PROBLEM REQUIREMENTS →
Please set down each record exactly as it appears, but leave out any pictures.

Saved entries
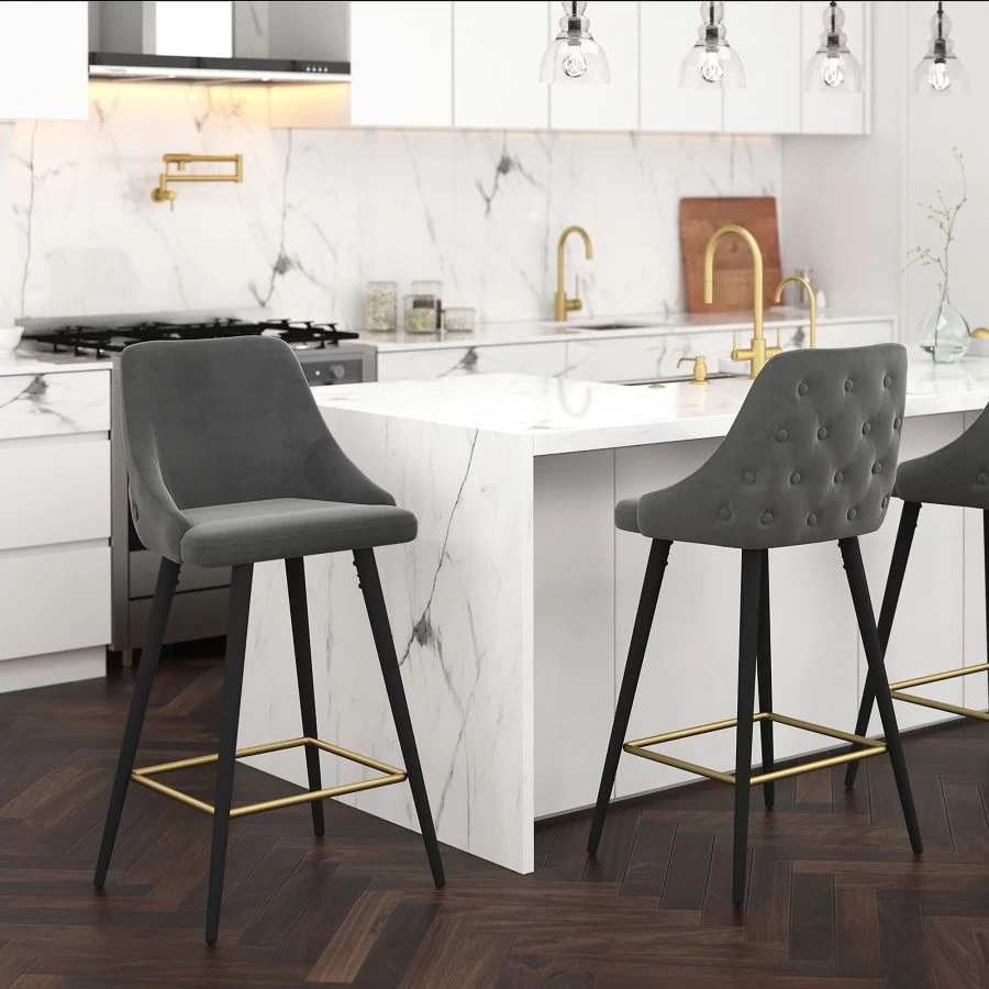 Style and comfort combine in full force with this modern counter stool. Added design details like the button tufting on the seat back and the gold-finished footrest elevate this stool to the next style dimension. The 26″ seat height is perfect for kitchen or bar counters. Bring a fun and contemporary pop of colour to create a formal or casual experience.
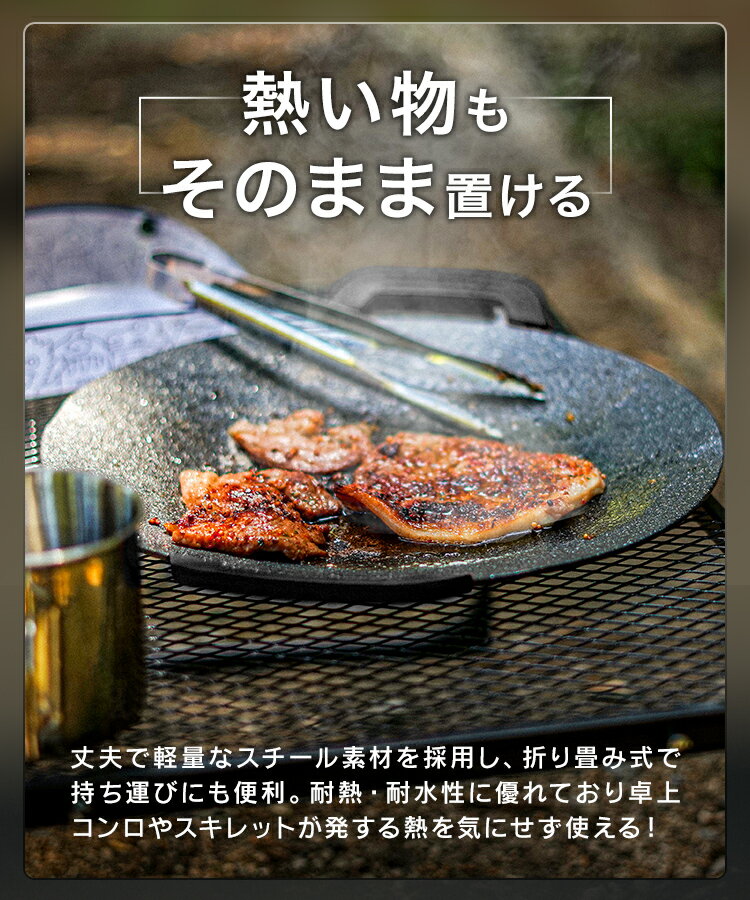 水や熱に強い!熱々のスキレットもそのまま置ける! 水や熱に強いスチール製のフルメッシュ天板を採用! スチールメッシュ天板は、耐熱温度180℃!調理後の熱いスキレットやダッチオーブン、バーベキューコンロなどをそのままドカッと置けます。
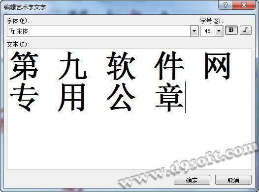 在弹出的窗口中输入文字,在本例中我们输入“第九软件网专用公章”,未免字体过于紧凑,我们在每个字中间加入了一个空格,然后选择确定。
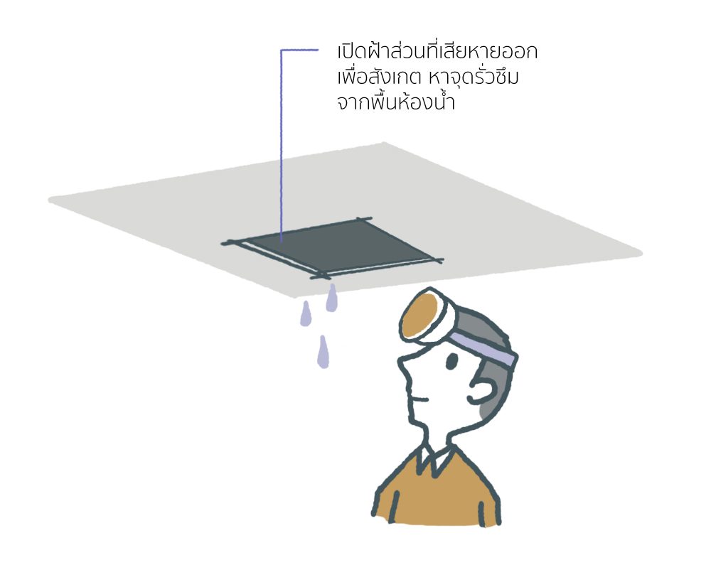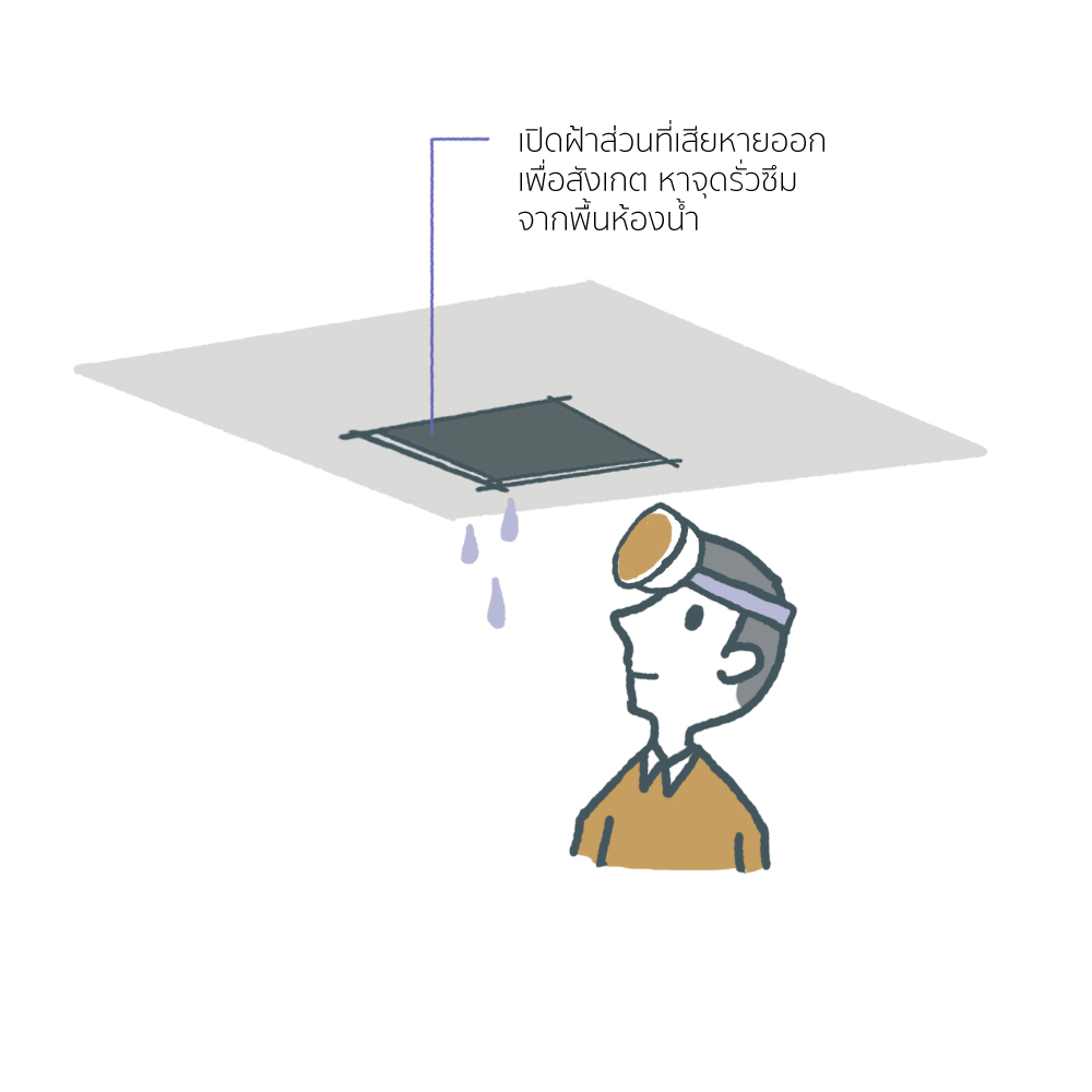 น้ำรั่วจากพื้นห้องน้ำชั้นบนลงมาทำให้ฝ้าเพดานชั้นล่างเสียหาย แก้ไขอย่างไร
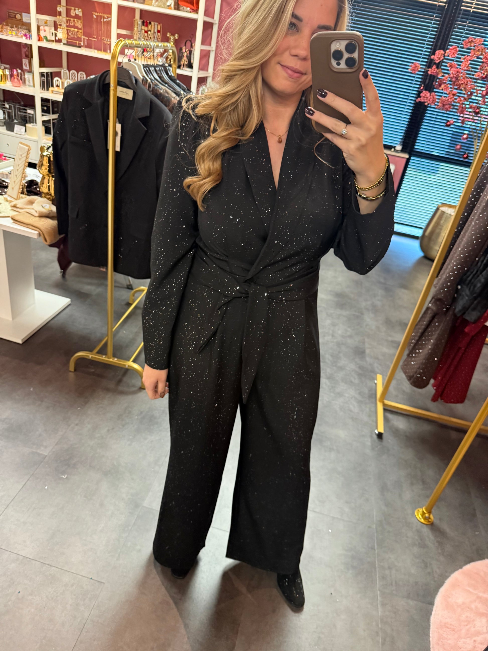 Zoek niet verder! De perfecte party look creëer je met deze geweldige jumpsuit! Deze mooie zwarte jumpsuit heeft prachtige glitters, gedetailleerd met elastiek in de taille, een mooie V-hals en wijde pijpen.
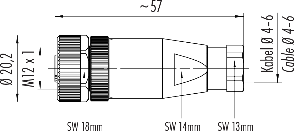 Polzahl: 4, 4,0 – 6,0 mm, nicht geschirmt, crimpen (Crimpkontakte müssen separat bestellt werden), IP67, UL
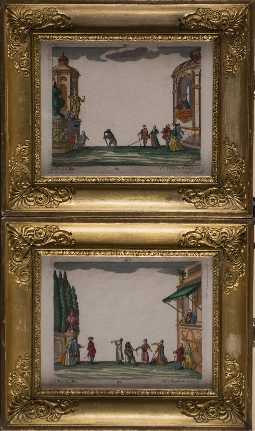 Coppia di acqueforti a colori raffiguranti personaggi e orso incatenato (cm 17,5x23) In cornici di legno e pastiglia dorata del sec. XIX (difetti) Pair of coloured etchings. Giltwood frames of the 19th century (defects)

ANSWER BELOW →
 Style and comfort combine in full force with this modern counter stool. Added design details like the button tufting on the seat back and the gold-finished footrest elevate this stool to the next style dimension. The 26″ seat height is perfect for kitchen or bar counters. Bring a fun and contemporary pop of colour to create a formal or casual experience.
 水や熱に強い!熱々のスキレットもそのまま置ける! 水や熱に強いスチール製のフルメッシュ天板を採用! スチールメッシュ天板は、耐熱温度180℃!調理後の熱いスキレットやダッチオーブン、バーベキューコンロなどをそのままドカッと置けます。
 在弹出的窗口中输入文字,在本例中我们输入“第九软件网专用公章”,未免字体过于紧凑,我们在每个字中间加入了一个空格,然后选择确定。
 น้ำรั่วจากพื้นห้องน้ำชั้นบนลงมาทำให้ฝ้าเพดานชั้นล่างเสียหาย แก้ไขอย่างไร
 Zoek niet verder! De perfecte party look creëer je met deze geweldige jumpsuit! Deze mooie zwarte jumpsuit heeft prachtige glitters, gedetailleerd met elastiek in de taille, een mooie V-hals en wijde pijpen.
 Polzahl: 4, 4,0 – 6,0 mm, nicht geschirmt, crimpen (Crimpkontakte müssen separat bestellt werden), IP67, UL
 Coppia di acqueforti a colori raffiguranti personaggi e orso incatenato (cm 17,5x23) In cornici di legno e pastiglia dorata del sec. XIX (difetti) Pair of coloured etchings. Giltwood frames of the 19th century (defects)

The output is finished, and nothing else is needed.